» Provided data:

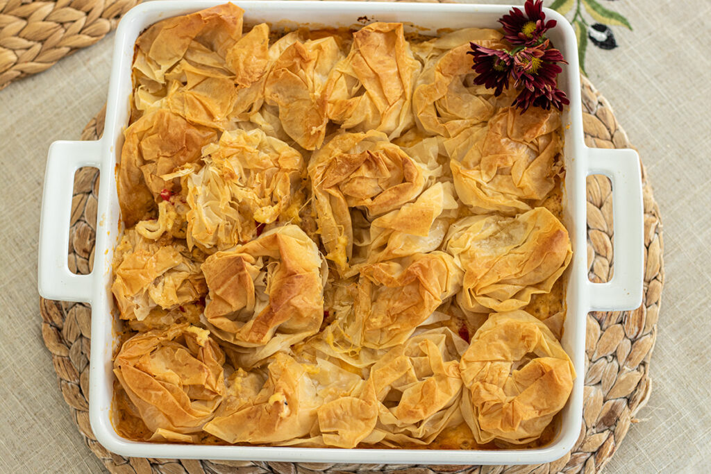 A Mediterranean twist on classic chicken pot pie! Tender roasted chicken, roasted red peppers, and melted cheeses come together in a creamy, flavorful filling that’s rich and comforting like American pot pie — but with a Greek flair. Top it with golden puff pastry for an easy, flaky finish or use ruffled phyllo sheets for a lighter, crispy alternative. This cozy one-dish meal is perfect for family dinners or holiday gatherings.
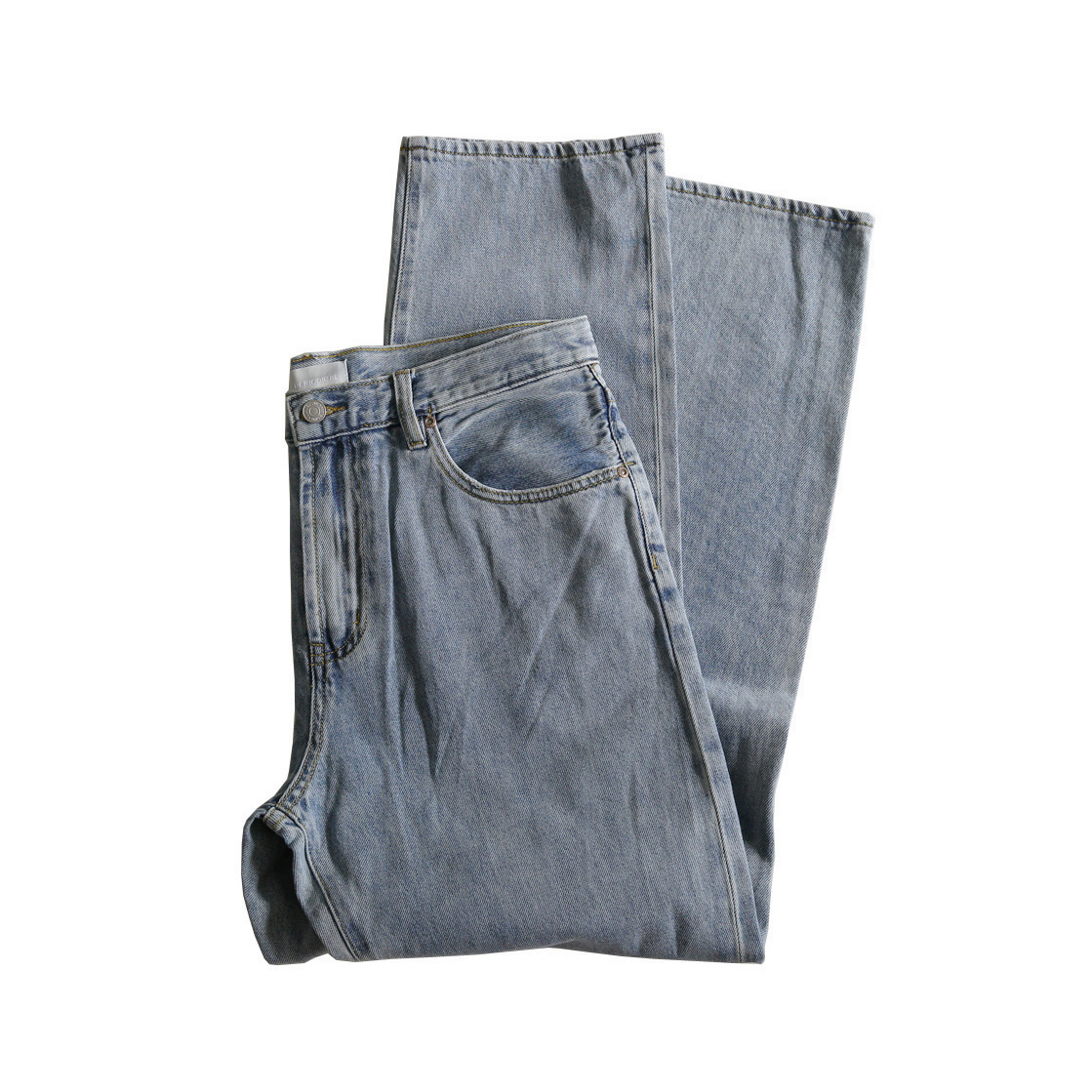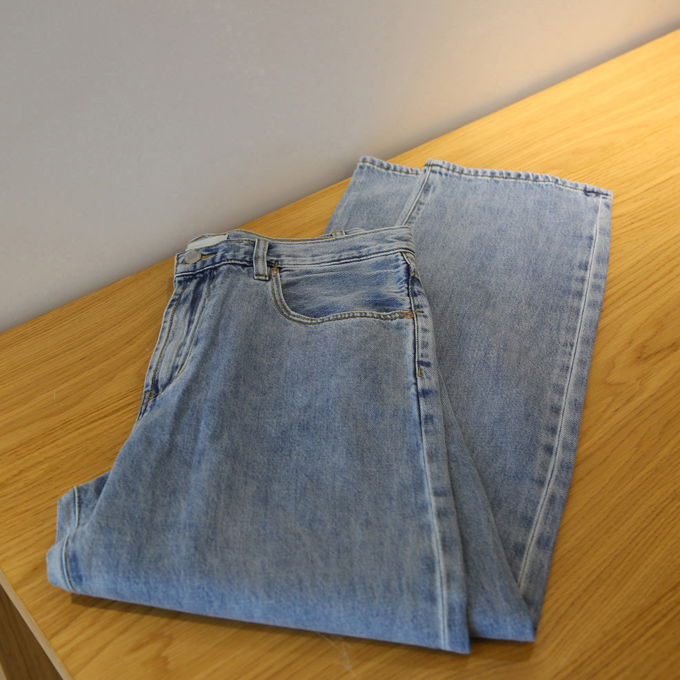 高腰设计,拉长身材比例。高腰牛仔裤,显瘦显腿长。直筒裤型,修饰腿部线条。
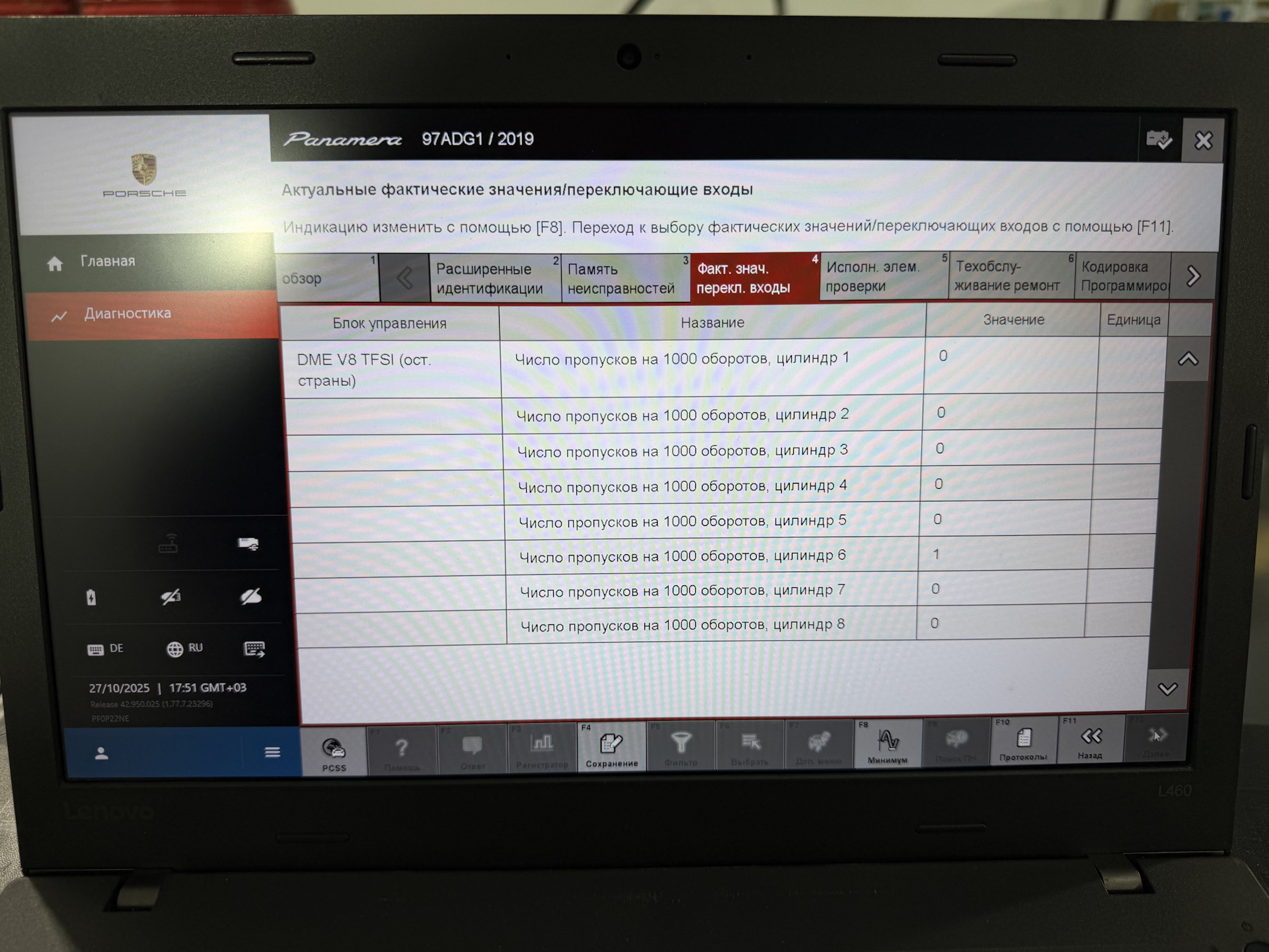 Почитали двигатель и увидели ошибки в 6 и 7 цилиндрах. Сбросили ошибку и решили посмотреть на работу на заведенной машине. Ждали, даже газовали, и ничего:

» Your assignment: Reproduce exactly, and only, the lines from the one with "高腰设计,拉长身材比例。高腰牛仔裤,显瘦显腿长。直筒裤型,修饰腿部线条。" to the final line of the listing above; the pictures are to be left out.

» Response:
 高腰设计,拉长身材比例。高腰牛仔裤,显瘦显腿长。直筒裤型,修饰腿部线条。
 Почитали двигатель и увидели ошибки в 6 и 7 цилиндрах. Сбросили ошибку и решили посмотреть на работу на заведенной машине. Ждали, даже газовали, и ничего:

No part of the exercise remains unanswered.